# Introduction to `gpvolve` library

## 1. Generating a sample genotype-phenotype map using `gpmap`

Let's start by simulating a random genotype-phenotype map using `gpmap` and computing its genotypes' neighbors (genotypes that can be reached by others through a single mutation, not computed automatically).

In [1]:
import gpvolve
import gpmap

back on python version (same functionality, much slower)
.


In [2]:
gpm = gpmap.simulate.generate_nk(gpm_output_column='phenotype',
                                 k=0,
                                 num_sites=6,
                                 num_states_per_site=2)
gpm.get_neighbors()

* The data inside the `gpmap` object is stored in two pandas dataframes, `gpm.data` and `gpm.neighbors`. 
* `gpvolve` both uses and builds on top of these dataframes to ensure full compatibility.

In [3]:
# Observe the underlying dataframes
gpm.data.head()

Unnamed: 0,genotype,include,binary,n_mutations,name,phenotype
0,DKIQHW,True,0,0,wildtype,4.163618
1,DKIQHQ,True,1,1,W5Q,4.420293
2,DKIQIW,True,10,1,H4I,4.420293
3,DKIQIQ,True,11,2,H4I/W5Q,4.676968
4,DKICHW,True,100,1,Q3C,4.420293


In [4]:
# Neighbors dataframe
gpm.neighbors.head()

Unnamed: 0,edge,include,source,target,direction
0,"(0, 0)",True,0,0,0
1,"(0, 1)",True,0,1,1
2,"(1, 0)",True,1,0,-1
3,"(0, 2)",True,0,2,1
4,"(2, 0)",True,2,0,-1


#### Important notes:

`gpm.data` and `gpm.neighbors` are pandas dataframes, meaning they can generally be accessed, edited, and sliced in standard pandas fashion. To allow *gpmap* to keep the two dataframes in sync, there are a few limits. Primarily, these are: 1) edit rows and columns using pandas `inplace` operations, 2) do not manually edit the reserved columns mentioned above, and 3) do not manually alter the row indexes for either dataframe. (See the *Rules of the Road* section for more details). 

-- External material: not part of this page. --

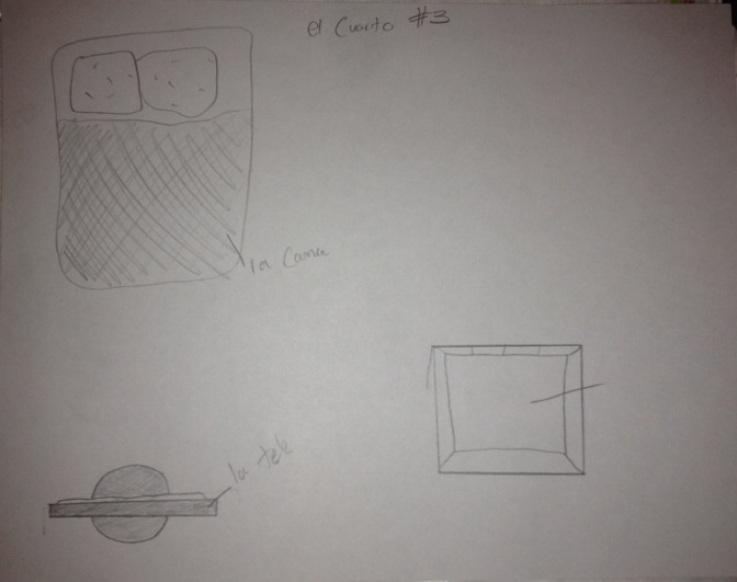 En el cuarto numero tres hay una cama, un tele, y una guardarropa.

*See `gpmap` documentation for a more in-depth description.*

## 2. Adding a `fitness` column to `gpmap` data

`gpvolve` references the fitness column for all its calculations, so you must make sure the genotype-phenotype map contains a column labeled `fitness`. It is up to the user to calculate and add this to `gpm.data`.

<span style="color:red"><b>To use `gpvolve`, a "fitness" column must be present on `gpm.data`.</b></span>

### Phenotype to fitness functions

`gpvolve` includes a collection of functions to convert phenotype to fitness. Let's start by importing one of these functions:

In [5]:
from gpvolve.phenotype_to_fitness import linear

Now calculate the fitness values based on this function and add a new `fitness` column to the `gpm.data` dataframe using pandas `in-place` operations.

In [6]:
# Calculate fitness values using linear function (y=ax+b)
fitnesses = linear(gpm.data.phenotype, a=1, b=1)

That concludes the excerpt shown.